Return exactly, with nothing added, the lines from the one that contains "TissueCal™ markings for" through the end of the listing below, pictures excluded.

■ **Recorded information**:
/---

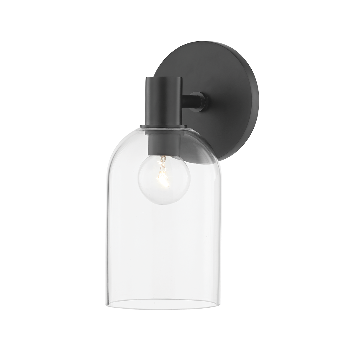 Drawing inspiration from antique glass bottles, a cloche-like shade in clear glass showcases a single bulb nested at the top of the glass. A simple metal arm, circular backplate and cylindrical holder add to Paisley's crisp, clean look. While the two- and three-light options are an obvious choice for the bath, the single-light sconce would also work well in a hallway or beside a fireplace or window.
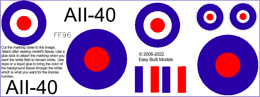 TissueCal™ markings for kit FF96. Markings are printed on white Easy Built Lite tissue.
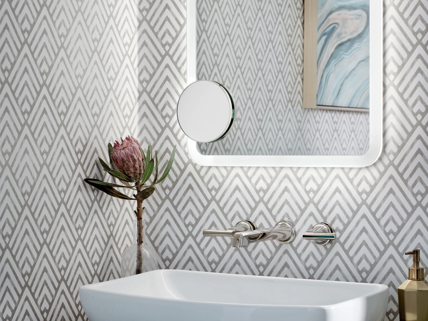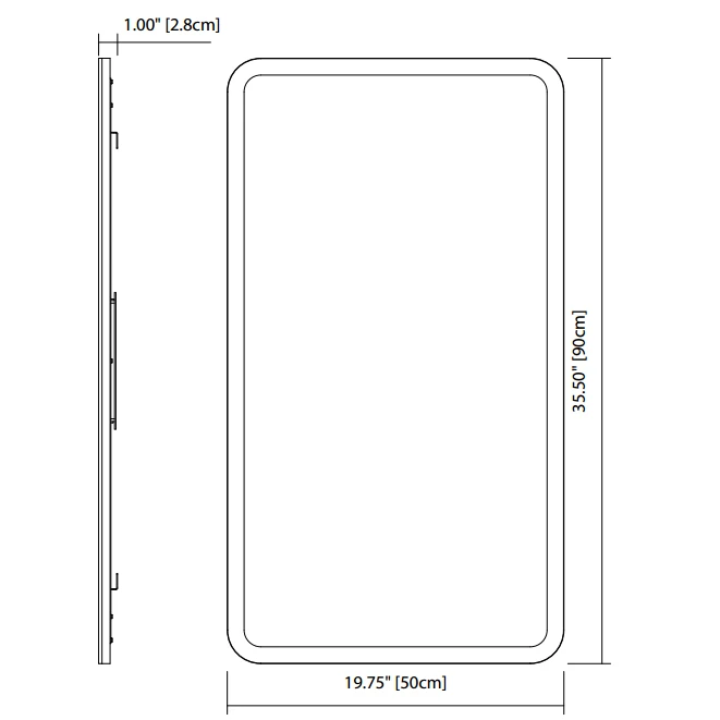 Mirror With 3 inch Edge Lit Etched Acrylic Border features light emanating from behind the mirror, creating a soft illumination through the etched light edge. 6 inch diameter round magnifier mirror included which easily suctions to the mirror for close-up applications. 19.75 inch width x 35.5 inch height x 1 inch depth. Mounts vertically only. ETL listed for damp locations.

\---

■ **Written solution**:
 TissueCal™ markings for kit FF96. Markings are printed on white Easy Built Lite tissue.
 Mirror With 3 inch Edge Lit Etched Acrylic Border features light emanating from behind the mirror, creating a soft illumination through the etched light edge. 6 inch diameter round magnifier mirror included which easily suctions to the mirror for close-up applications. 19.75 inch width x 35.5 inch height x 1 inch depth. Mounts vertically only. ETL listed for damp locations.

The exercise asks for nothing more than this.